Ma Po Eggplant with Chili Oil
Ma Po Eggplant with Chili Oil is a delicious and spicy Sichuan-style dish that is perfect for those who love bold flavors. This dish is made with tender eggplant, ground pork, and a spicy chili oil sauce that will leave your taste buds tingling with delight.
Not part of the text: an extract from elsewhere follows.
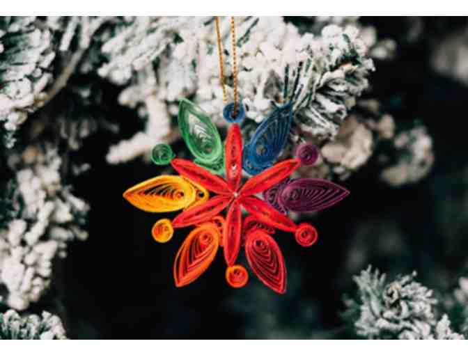 Celebrate it all this holiday season with the Rainbow Snowflake Quilled Paper Ornament. Recycled paper is carefully wound around a quill. The coils are then glued into intricate shapes like this colorful snowflake. It's an art that dates back hundreds of years. Today, these quilled paper ornaments are handcrafted by artisans working with Mai Handicrafts in Vietnam. Many of the artisans are women who are able to work in their homes using this traditional skill, earning sustainable incomes while caring for their children.

To make this dish, you will need the following ingredients per serving:
- 1 small eggplant, cut into bite-sized pieces
- 1/4 lb ground pork
- 1 tbsp vegetable oil
- 1 tbsp Sichuan peppercorns
- 1 tbsp chili bean paste
- 1 tbsp soy sauce
- 1 tbsp Shaoxing wine
- 1/2 cup chicken broth
- 1 tbsp cornstarch
- 1 tbsp water
- 1 tbsp chopped scallions
To start, heat the vegetable oil in a wok or large skillet over high heat. Add the Sichuan peppercorns and stir-fry for a few seconds until fragrant. Add the ground pork and stir-fry until browned and cooked through. Add the chili bean paste, soy sauce, and Shaoxing wine and stir-fry for another minute.
Add the eggplant to the wok and stir-fry for a few minutes until it starts to soften. Add the chicken broth and bring to a boil. Reduce the heat to low and simmer for 10-15 minutes until the eggplant is tender.
In a small bowl, mix together the cornstarch and water to make a slurry. Add the slurry to the wok and stir-fry for another minute until the sauce thickens.
Garnish with chopped scallions and serve hot with steamed rice.
This Ma Po Eggplant with Chili Oil dish is a perfect combination of spicy and savory flavors. The eggplant is soft and tender, while the ground pork adds a meaty texture to the dish. The chili oil sauce is spicy and flavorful, with a hint of sweetness from the Shaoxing wine.
This dish can be classified as a spicy stir-fry and its three main ingredients are eggplant, ground pork, and chili bean paste.
Overall, this Ma Po Eggplant with Chili Oil dish is a must-try for anyone who loves bold and spicy flavors. With its tender eggplant, savory ground pork, and spicy chili oil sauce, it's sure to become a new favorite in your recipe collection.